▶ _Task goal_: Could you repeat the data word for word while skipping the pictures?

▶ _Data section_:
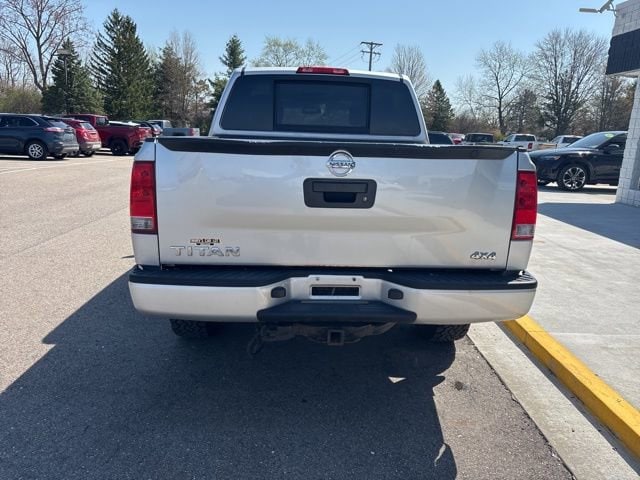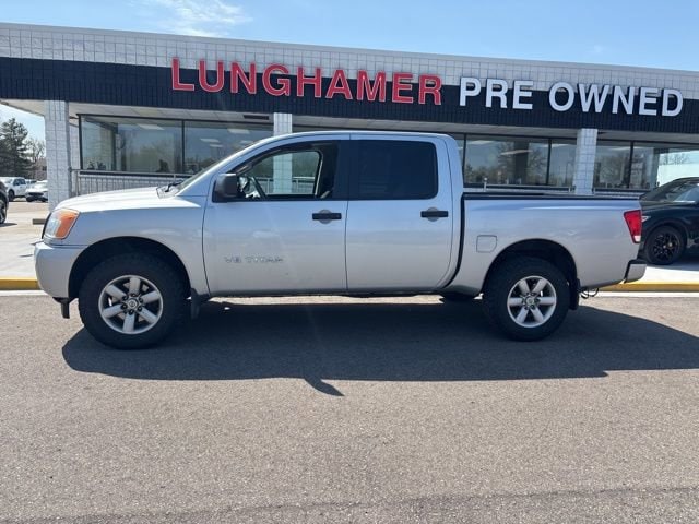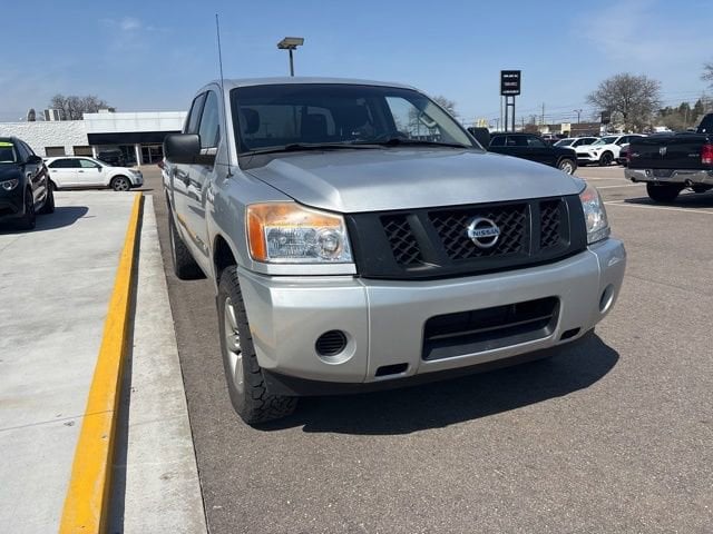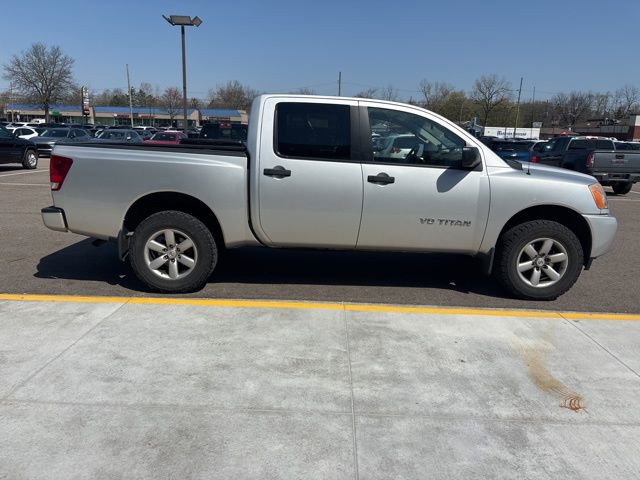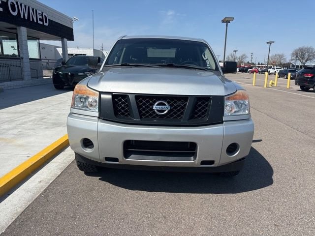 GOOD TIRES, RECENT TRADE IN, Titan S, 4D Crew Cab, 5.6L 8-Cylinder SMPI DOHC, 5-Speed Automatic, 4WD, Silver, Charcoal w/S Style Cloth Seating Surfaces, 18 Aluminum Alloy Wheels, 4-Wheel Disc Brakes, 40/20/40 Manual Split Bench Front Seat, 7-Pin Wiring Harness Connector, 8 Speakers, ABS brakes, Air Conditioning, AM/FM radio, AM/FM/CD Audio System, Brake assist, Bumpers: body-color, CD player, Class IV Integrated Receiver Hitch, Cruise Control, Driver door bin, Electronic Stability Control, Front Center Armrest, Front Overhead Console, Low tire pressure warning, Passenger door bin, Passenger vanity mirror, Power steering, Power windows, Rear reading lights, Rear seat center armrest, Rear step bumper, Rear window defroster, Remote Keyless Entry, S Popular Equipment Package, S Style Cloth Seating Surfaces, Sliding Tinted Rear Window, Speed-sensing steering, Speed-Sensitive Wipers, Split folding rear seat, Tachometer, Tilt steering wheel, Traction control, Trailer Brake Pre-Wiring (Under Instrument Panel), Variably intermittent wipers.
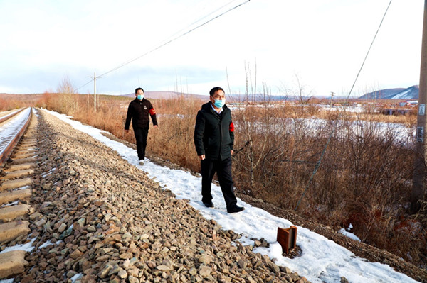 阿木爾林業(yè)局護路人員巡護鐵路線路安全(王力 攝)
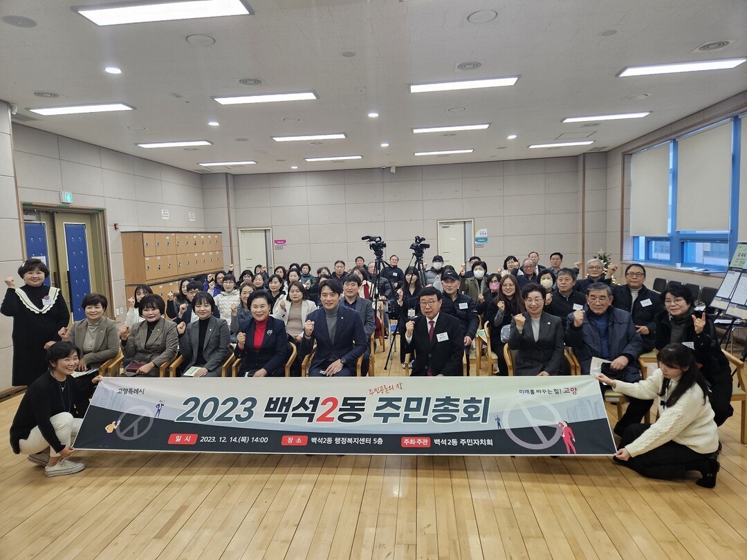 오후 2시에 진행된 총회는 100여 명의 주민과 내빈이 참석한 가운데 백석2동 행정복지센터 문화교실에서 진행됐다.
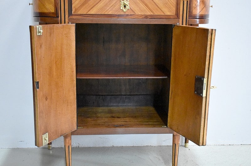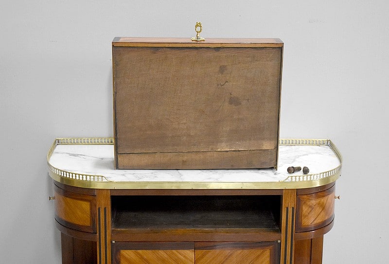 Il ouvre par trois tiroirs en ceinture marquetés de bois de rose, Palissandre de Rio et filets de citronnier. Les deux latéraux pivotants sont découpés en quart de rond et agrémentés de fins boutons et le tiroir central ferme à clef.

▶ _Written solution_:
 GOOD TIRES, RECENT TRADE IN, Titan S, 4D Crew Cab, 5.6L 8-Cylinder SMPI DOHC, 5-Speed Automatic, 4WD, Silver, Charcoal w/S Style Cloth Seating Surfaces, 18 Aluminum Alloy Wheels, 4-Wheel Disc Brakes, 40/20/40 Manual Split Bench Front Seat, 7-Pin Wiring Harness Connector, 8 Speakers, ABS brakes, Air Conditioning, AM/FM radio, AM/FM/CD Audio System, Brake assist, Bumpers: body-color, CD player, Class IV Integrated Receiver Hitch, Cruise Control, Driver door bin, Electronic Stability Control, Front Center Armrest, Front Overhead Console, Low tire pressure warning, Passenger door bin, Passenger vanity mirror, Power steering, Power windows, Rear reading lights, Rear seat center armrest, Rear step bumper, Rear window defroster, Remote Keyless Entry, S Popular Equipment Package, S Style Cloth Seating Surfaces, Sliding Tinted Rear Window, Speed-sensing steering, Speed-Sensitive Wipers, Split folding rear seat, Tachometer, Tilt steering wheel, Traction control, Trailer Brake Pre-Wiring (Under Instrument Panel), Variably intermittent wipers.
 阿木爾林業(yè)局護路人員巡護鐵路線路安全(王力 攝)
 오후 2시에 진행된 총회는 100여 명의 주민과 내빈이 참석한 가운데 백석2동 행정복지센터 문화교실에서 진행됐다.
 Il ouvre par trois tiroirs en ceinture marquetés de bois de rose, Palissandre de Rio et filets de citronnier. Les deux latéraux pivotants sont découpés en quart de rond et agrémentés de fins boutons et le tiroir central ferme à clef.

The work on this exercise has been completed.